• Goal of the exercise
The entries below contain a stretch that opens with the line containing "Imagen 28: Lucha entre Bart y Skinner." and closes with the line containing "El hermano mayor"; set down that stretch exactly, both ends included, and nothing else.

• Task data
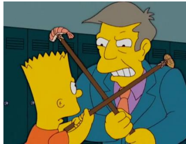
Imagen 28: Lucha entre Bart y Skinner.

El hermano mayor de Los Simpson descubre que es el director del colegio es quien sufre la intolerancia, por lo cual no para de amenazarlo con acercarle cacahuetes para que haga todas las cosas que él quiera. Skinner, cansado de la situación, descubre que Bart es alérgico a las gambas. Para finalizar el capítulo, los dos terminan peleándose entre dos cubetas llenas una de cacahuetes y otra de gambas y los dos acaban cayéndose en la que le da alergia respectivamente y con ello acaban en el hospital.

==

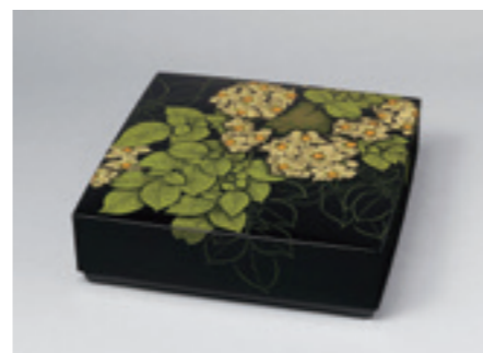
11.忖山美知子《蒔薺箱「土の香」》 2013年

• Reply
Imagen 28: Lucha entre Bart y Skinner.

El hermano mayor de Los Simpson descubre que es el director del colegio es quien sufre la intolerancia, por lo cual no para de amenazarlo con acercarle cacahuetes para que haga todas las cosas que él quiera. Skinner, cansado de la situación, descubre que Bart es alérgico a las gambas. Para finalizar el capítulo, los dos terminan peleándose entre dos cubetas llenas una de cacahuetes y otra de gambas y los dos acaban cayéndose en la que le da alergia respectivamente y con ello acaban en el hospital.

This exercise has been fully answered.